Ofelia sabía muy bien que lo tenía merecido.
Y estaba completamente dispuesta a asumir el precio de sus errores.
Al ver a Ofelia con la cabeza agachada, tan frágil e inofensiva, Elías Montes sacó un expediente y lo tiró sin cuidado sobre la mesa frente a ella.
—Termina con éxito esta cirugía, o ni te molestes en volver a llamarte mi discípula.
Ofelia tomó el documento y lo ojeó con rapidez. A medida que leía, su ceño se fruncía cada vez más.
Se trataba de un caso extremadamente atípico de cardiopatía congénita, que además venía con fallas en múltiples órganos.

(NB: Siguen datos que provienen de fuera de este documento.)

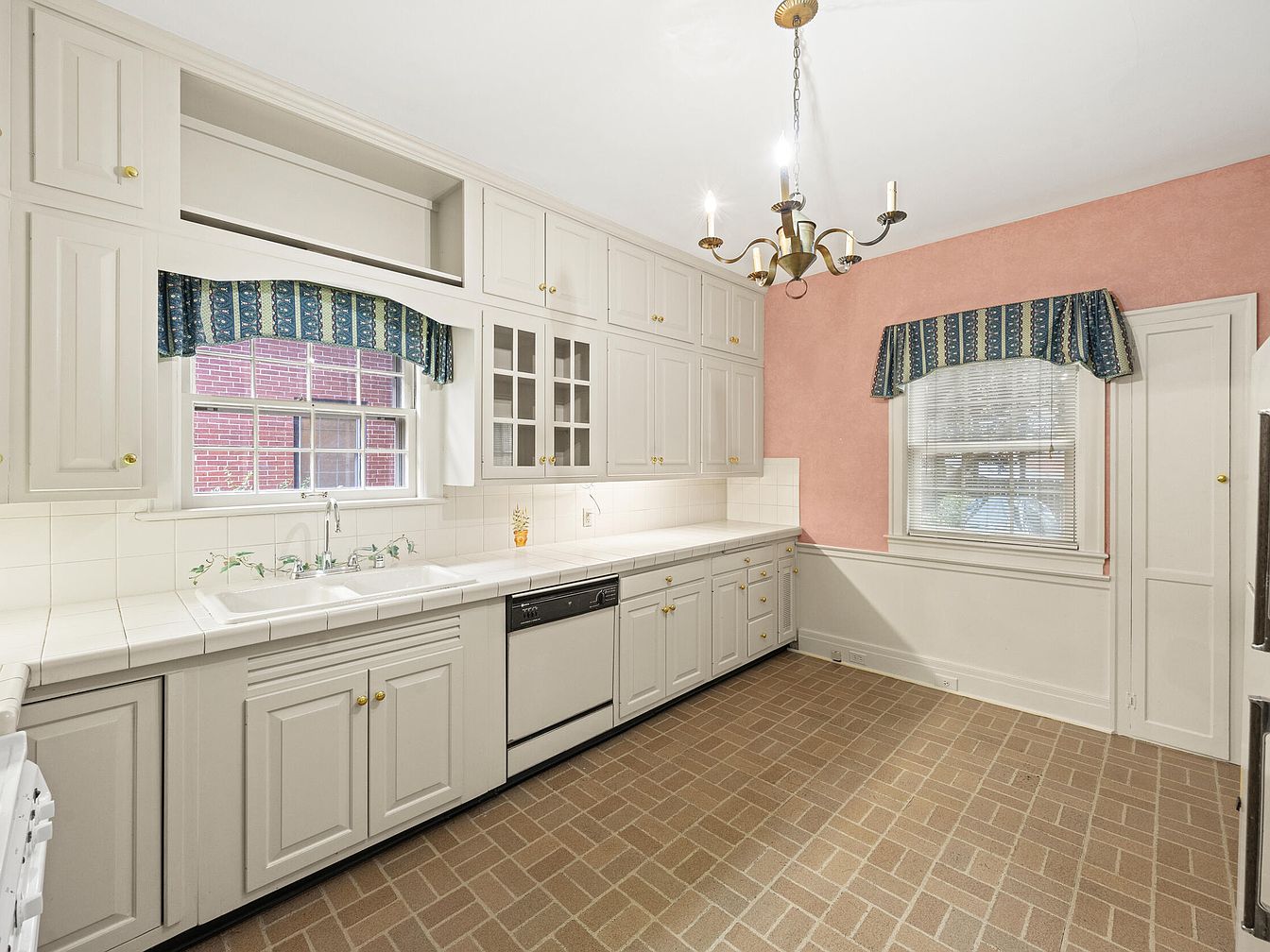 This spacious kitchen features a wall of cream-colored cabinetry with gold knobs, providing ample storage. A wide window over the double sink is dressed with a blue and green patterned valance, matching the valance on a smaller window to the right. The countertops and backsplash are covered in white tile, creating a clean and classic look. A brass chandelier with candle-style lights hangs from the ceiling, adding a subtle traditional touch. The floor has a tan and brown brick-patterned design, lending warmth to the space. Soft pink walls above white wainscoting balance the palette with a gentle, homely feel.

La paciente era una niña de apenas siete años. El riesgo de la intervención quirúrgica era astronómico, con una tasa de supervivencia por debajo del treinta por ciento.
—Maestro, esto...
Ofelia no entendía del todo adónde quería llegar.
—Esta es tu prueba de fuego —dijo Elías sin andarse con rodeos—. Si logras sacarla adelante, te aceptaré de nuevo bajo mi tutela.
Ofelia lo miró estupefacta, perdiendo un poco de la compostura que siempre la caracterizaba: —Pero Maestro, hace muchísimo tiempo que no participo en una intervención de esta magnitud, yo...
—Es una condición inamovible. Es tu única oportunidad. Claro que tienes la opción de rechazarla, pero entonces ni te molestes en empacar tus cosas para la Quinta.
El Maestro se mostró tan inflexible como de costumbre.
Ofelia apretó las páginas del expediente; sentía que el peso de esos papeles era insoportable.
Sabía que se enfrentaba a un reto titánico.
—¿Para cuándo está programada la cirugía? —se escuchó preguntar a sí misma.
—En dos semanas, en el Hospital Principal de la Capital.
Elías añadió: —La familia de la niña ya autorizó la intervención, pero están desesperados por encontrar a un cirujano jefe. Si aceptas el reto, yo seré quien te recomiende personalmente.
Ofelia sintió que la cabeza le daba vueltas.
Tener solo dos semanas para prepararse para una operación de tal complejidad era casi un suicidio profesional.
—Voy a necesitar su historial médico completo y cada uno de los resultados de laboratorio —dijo ella, recuperando la frialdad médica—. También quiero tener reuniones con los doctores que han manejado casos similares.
Un destello fugaz de orgullo apareció en los ojos de Elías Montes. —Toda esa información está en esa carpeta. Además, ya me comuniqué con un par de especialistas a nivel internacional que están dispuestos a brindarte asesoría remota.
Ofelia tomó una respiración profunda y su voz sonó firme y contundente: —En ese caso, acepto el reto.